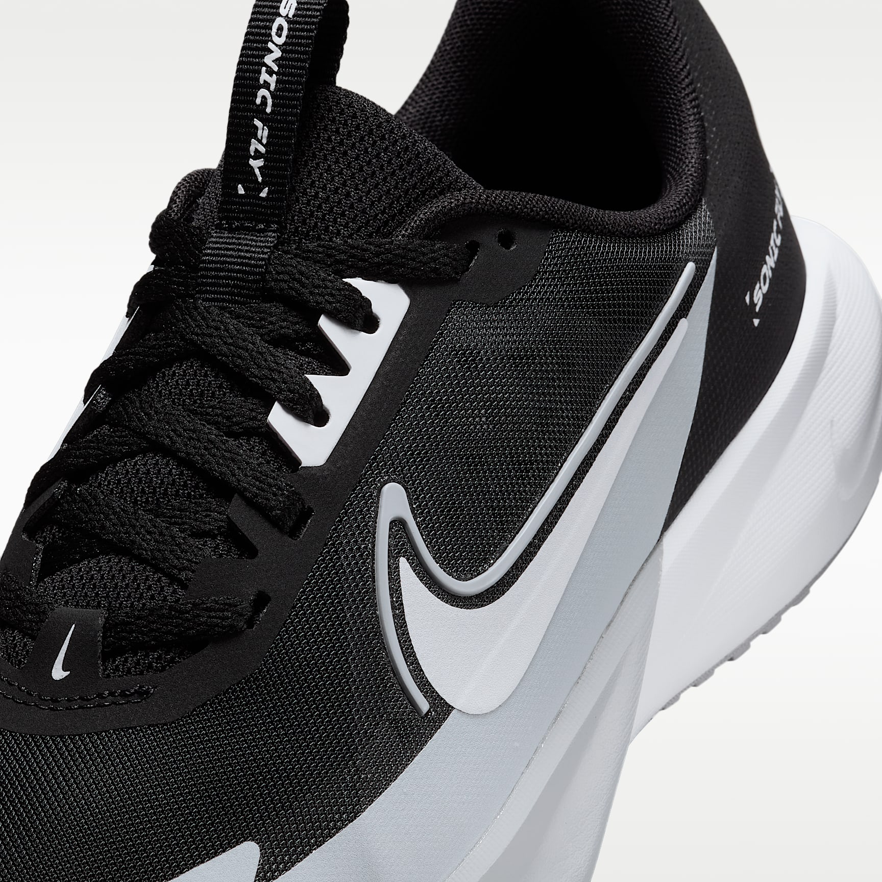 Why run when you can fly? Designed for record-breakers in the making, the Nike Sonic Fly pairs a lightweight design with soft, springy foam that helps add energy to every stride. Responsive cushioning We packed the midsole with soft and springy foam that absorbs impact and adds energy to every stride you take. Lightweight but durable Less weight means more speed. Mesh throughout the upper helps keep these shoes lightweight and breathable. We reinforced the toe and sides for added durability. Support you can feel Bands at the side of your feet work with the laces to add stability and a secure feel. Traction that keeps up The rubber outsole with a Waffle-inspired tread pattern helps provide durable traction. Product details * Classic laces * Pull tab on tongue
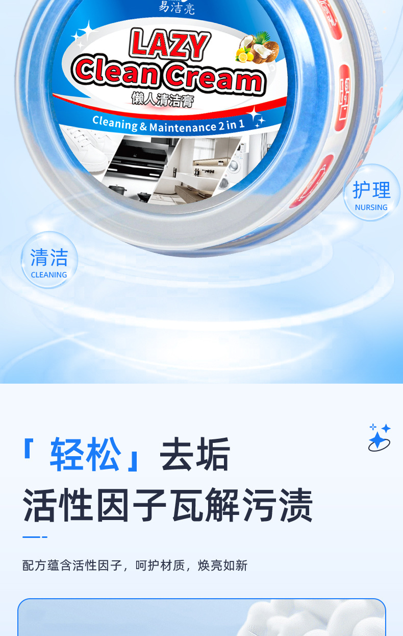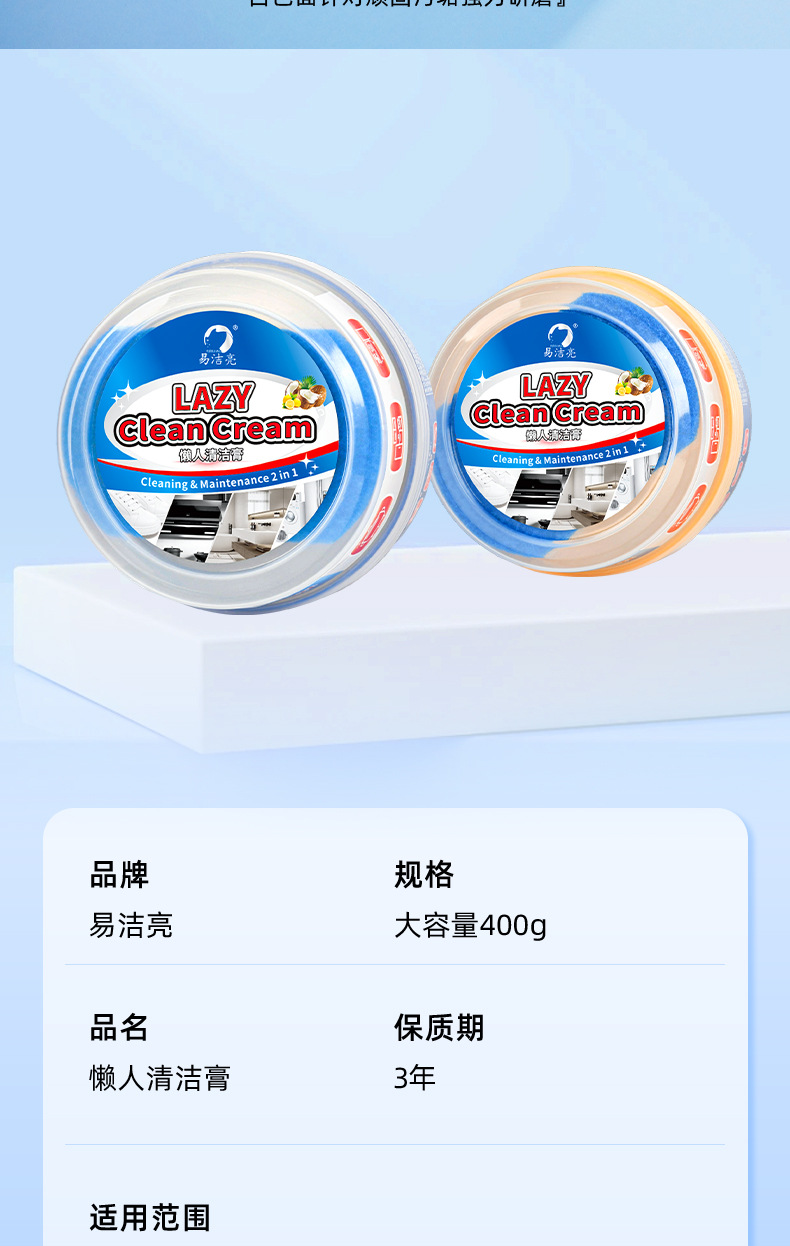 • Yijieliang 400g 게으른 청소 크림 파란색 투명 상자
......
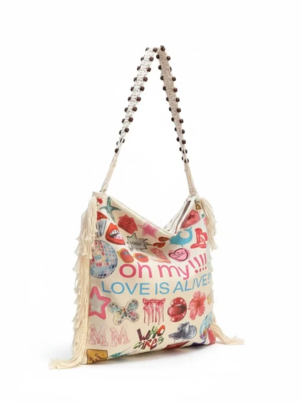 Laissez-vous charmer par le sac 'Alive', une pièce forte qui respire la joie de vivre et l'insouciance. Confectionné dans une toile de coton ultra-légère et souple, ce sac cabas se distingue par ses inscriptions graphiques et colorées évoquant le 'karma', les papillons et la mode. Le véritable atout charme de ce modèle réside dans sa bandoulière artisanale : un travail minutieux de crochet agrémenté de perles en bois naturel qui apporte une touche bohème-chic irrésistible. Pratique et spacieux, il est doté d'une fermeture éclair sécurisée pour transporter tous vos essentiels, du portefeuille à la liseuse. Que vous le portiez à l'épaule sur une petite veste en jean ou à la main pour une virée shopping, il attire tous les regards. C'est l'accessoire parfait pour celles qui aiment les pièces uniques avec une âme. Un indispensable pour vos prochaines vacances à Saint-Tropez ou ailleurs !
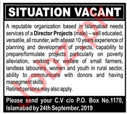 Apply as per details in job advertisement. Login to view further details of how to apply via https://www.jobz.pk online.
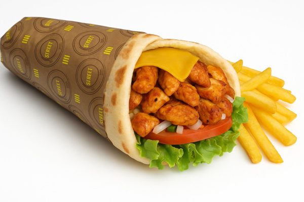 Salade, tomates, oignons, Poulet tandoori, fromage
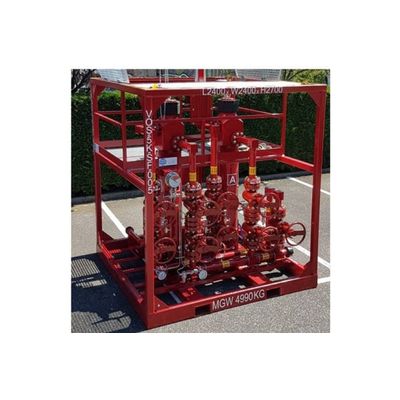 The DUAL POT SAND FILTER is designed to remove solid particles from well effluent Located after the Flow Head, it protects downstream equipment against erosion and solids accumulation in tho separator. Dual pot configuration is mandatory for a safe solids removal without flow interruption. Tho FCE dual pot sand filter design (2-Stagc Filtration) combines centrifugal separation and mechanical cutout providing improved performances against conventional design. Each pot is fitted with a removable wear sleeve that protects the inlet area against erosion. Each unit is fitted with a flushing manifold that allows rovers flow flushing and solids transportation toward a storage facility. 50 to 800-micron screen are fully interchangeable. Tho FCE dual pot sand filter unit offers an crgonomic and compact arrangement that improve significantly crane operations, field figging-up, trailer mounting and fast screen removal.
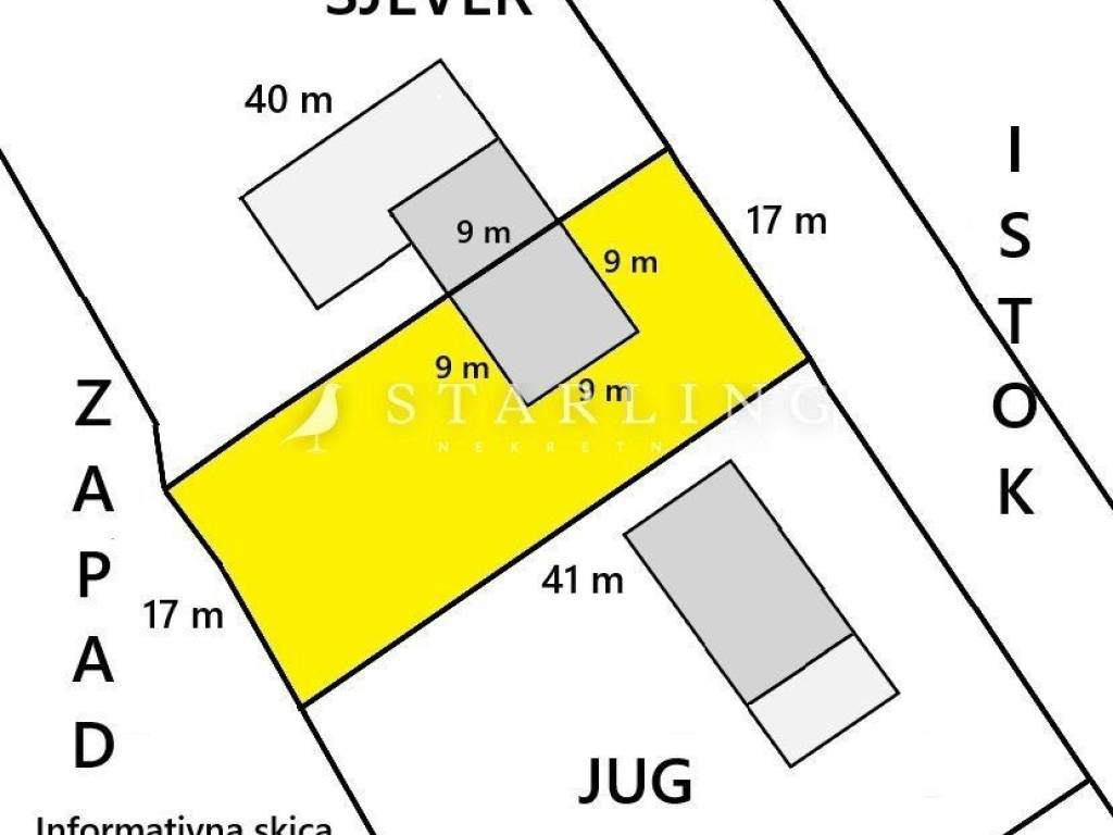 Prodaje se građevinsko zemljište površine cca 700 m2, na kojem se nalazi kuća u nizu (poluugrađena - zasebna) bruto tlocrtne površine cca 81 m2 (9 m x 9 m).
......
* [Work request]: What you return from the records above should be exactly everything from the line with "Apply as per" down to the line with "Salade, tomates, oignons, Poulet", both kept, and no pictures.

* [Problem solution]:
 Apply as per details in job advertisement. Login to view further details of how to apply via https://www.jobz.pk online.
 Salade, tomates, oignons, Poulet tandoori, fromage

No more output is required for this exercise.